Let $\vec{P}(t)$ be a cubic Bezier curve in two dimensions. In power basis: $$ \vec{P}(t)=(−\vec{A}+3\vec{B}−3\vec{C}+\vec{D})t^3+(3\vec{A}−6\vec{B}+3\vec{C})t^2+(−3\vec{A}+3\vec{B})t+\vec{A} $$ $$ =\vec{a}t^3+\vec{b}t^2+\vec{c}t+\vec{d}. $$ For a loop intersection to occur, there must exist $(t,s), t\neq s$ : $$ \vec{a}(t^3-s^3)+\vec{b}(t^2-s^2)+\vec{c}(t-s)=0 \quad\quad\quad/(t-s) $$ $$ \vec{a}(t^2+ts+s^2)+\vec{b}(t+s)+\vec{c}=0 $$ If I make the substitution $ u :=t+s/2$, I get: $$ a_x(u^2+\frac{3s^2}{4})+b_x(u+\frac{s}{2})+c_x=0 $$ $$ a_y(u^2+\frac{3s^2}{4})+b_y(u+\frac{s}{2})+c_y=0 $$ I can eliminate the quadratic term by doing $a_y(I)-a_x(II)$: $$ (a_yb_x - a_xb_y)(u+\frac{s}{2})+(a_yc_x-a_xc_y)=0 $$ $$ M:=a_yb_x - a_xb_y\quad\quad\quad N:=-(a_yc_x-a_xc_y) $$ $$ u=\frac{N}{M}-\frac{s}{2} $$ Substituting $u$ back: $$ \vec{a}\left[\left(\frac{N}{M}-\frac{s}{2}\right)^2+\frac{3s^2}{4}\right]+\vec{b}\frac{N}{M}+\vec{c}=0 $$ $$ \vec{a}\left[s^2 - \frac{N}{M}s+ \left(\frac{N}{M}\right)^2\right]+\vec{b}\frac{N}{M}+\vec{c}=0 $$ These quadratic equations have solutions: $$ s_i=\frac{1}{2a_i}\left( a_i\frac{N}{M}\pm\sqrt{D_i}\right) $$ $$ D_i=a_i^2\left(\frac{N}{M}\right)^2-4a_i\left(a_i\left(\frac{N}{M}\right)^2+b_i\frac{N}{M}+c_i\right) $$ And now I'm confused...

• Why did I end up with two quadratic equations?

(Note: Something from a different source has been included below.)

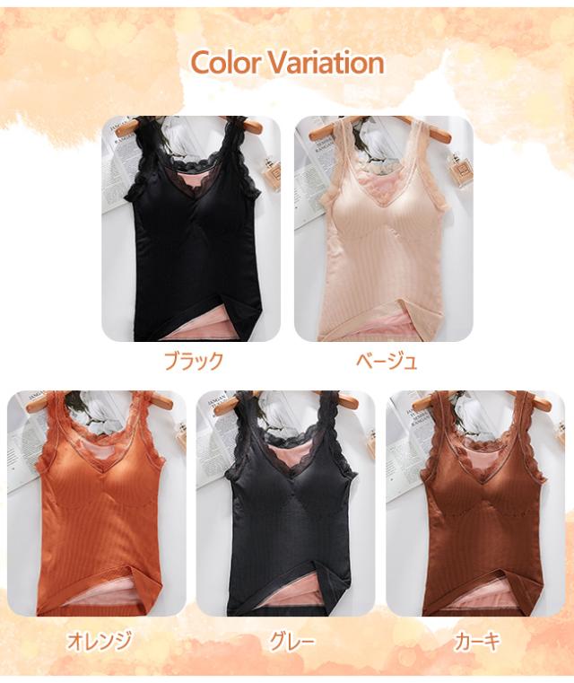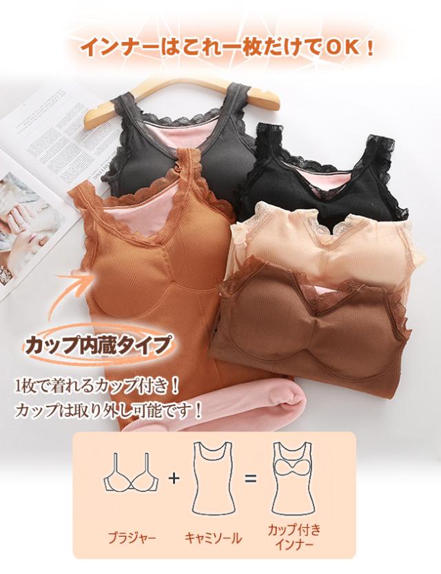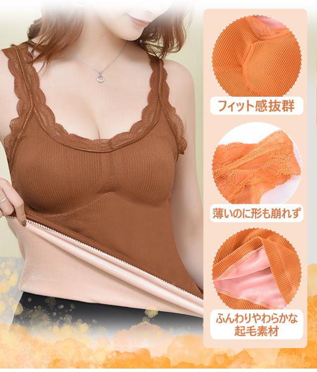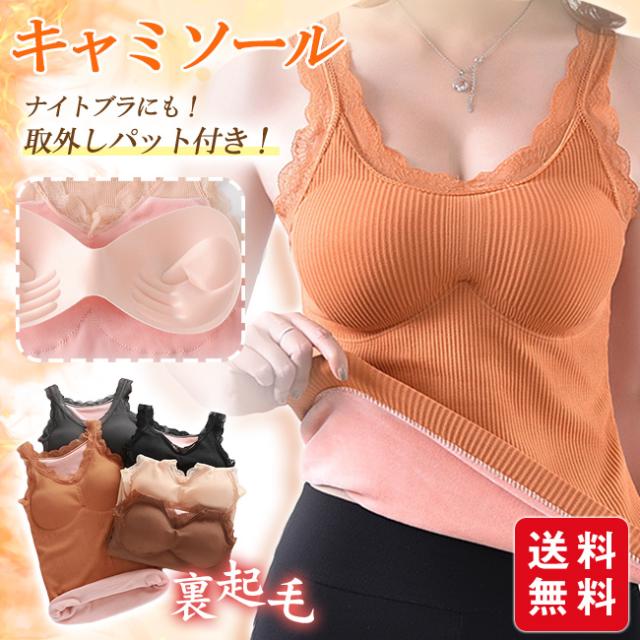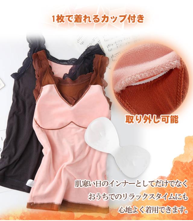 【新作】裏起毛キャミソール 暖かい あったか インナー レース タンクトップ Vネック カップ付 防寒 秋 冬 重ね着 ナイトブラ 下着 肌着 レディース あったかインナー ノンワイヤー ポカポカ ブラジャー ナイトブラagesugi_sfa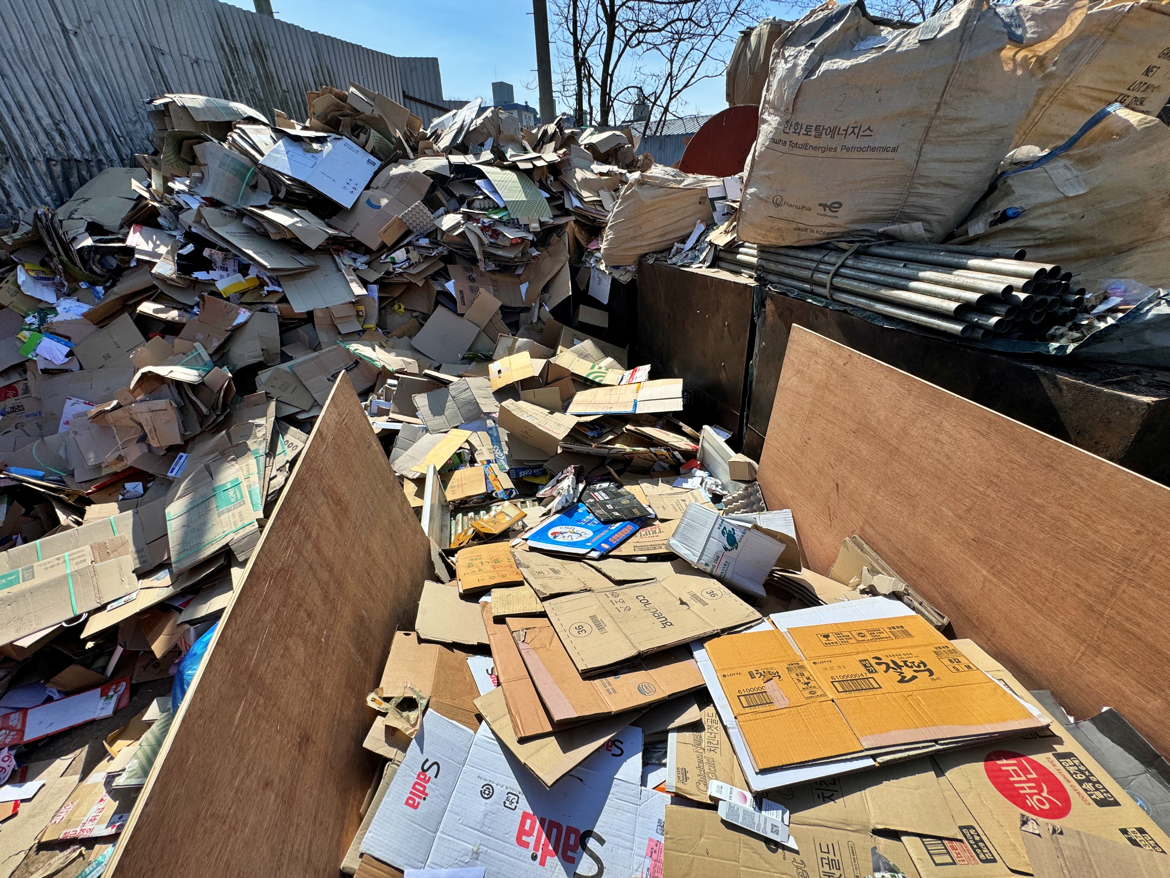 종이의 양은 보시다시피 그리 많지 않습니다.상부는 접지 않은 박스들이고요. 사실상 고철과 스테인리스 냄비가 핵심이었습니다.

Shouldn't there be just one? My understanding is that $D = 0$ corresponds to the cusp shape, $D > 0$ to a loop intersection and $D < 0$ to no intersection.
• Furtheremore, I would like to understand what $M=0$ (which blows up the determinant) corresponds to. The expression for the curve being quadratic explains it only partly, i.e. when $a_x = a_y = 0$. What do the other conditions in: $$ M=a_yb_x - a_xb_y=0 $$ correspond to? (E.g. what is 'wrong' with $(b_x = b_y = 0)$, $(a_yb_x = a_xb_y)$?)

Answer 1

(1) $D_x$ and $D_y$ are almost identical:

from sympy import *
ax, ay, bx, by, cx, cy = symbols('ax ay bx by cx cy', real=True)
M = ay*bx - ax*by
N = ax*cy - ay*cx
Dx = ax**2 * (N/M)**2 - 4*ax*(ax*(N/M)**2 + bx*N/M + cx)
Dy = ay**2 * (N/M)**2 - 4*ay*(ay*(N/M)**2 + by*N/M + cy)
print(Dx.expand().simplify())
print(Dy.expand().simplify())

ax**2*(-3*ax**2*cy**2 + 6*ax*ay*cx*cy + 4*ax*bx*by*cy - 4*ax*by**2*cx - 3*ay**2*cx**2 - 4*ay*bx**2*cy + 4*ay*bx*by*cx)/(ax**2*by**2 - 2*ax*ay*bx*by + ay**2*bx**2)
ay**2*(-3*ax**2*cy**2 + 6*ax*ay*cx*cy + 4*ax*bx*by*cy - 4*ax*by**2*cx - 3*ay**2*cx**2 - 4*ay*bx**2*cy + 4*ay*bx*by*cx)/(ax**2*by**2 - 2*ax*ay*bx*by + ay**2*bx**2)

So $D_x=a_x^2K$ and $D_y=a_y^2K$ where $K$ is common to both expressions. The $a_x^2$ or $a_y^2$ can be brought out of the square root, where it then cancels the other instances of $a_x$ or $a_y$: $$s_i=\frac{N/M\pm\sqrt K}2$$ There is only one quadratic equation for $s$ – the possible values for $s_x$ and $s_y$ are identical. Your interpretation of $D$ (essentially equivalent to my $K$) is correct though.

(2) Let $\vec P(t)=(x(t),y(t))$. If $M=0$ there are real $\lambda$ and $\mu$, not both zero, for which $\lambda x(t)+\mu y(t)$ is a linear polynomial (cubic and quadratic terms both cancel). The rotated curve $\vec Q(t)=\begin{bmatrix}\lambda&\mu\\-\mu&\lambda\end{bmatrix}\vec P(t)$ is then the graph of a single-variable (generically) cubic function $y=f(x)$. In short, $M=0$ implies $\vec P(t)$ has no self-intersections and at most one inflection point.

(3) Your method is not the most elegant way of deriving the self-intersection parameters. See my answer here.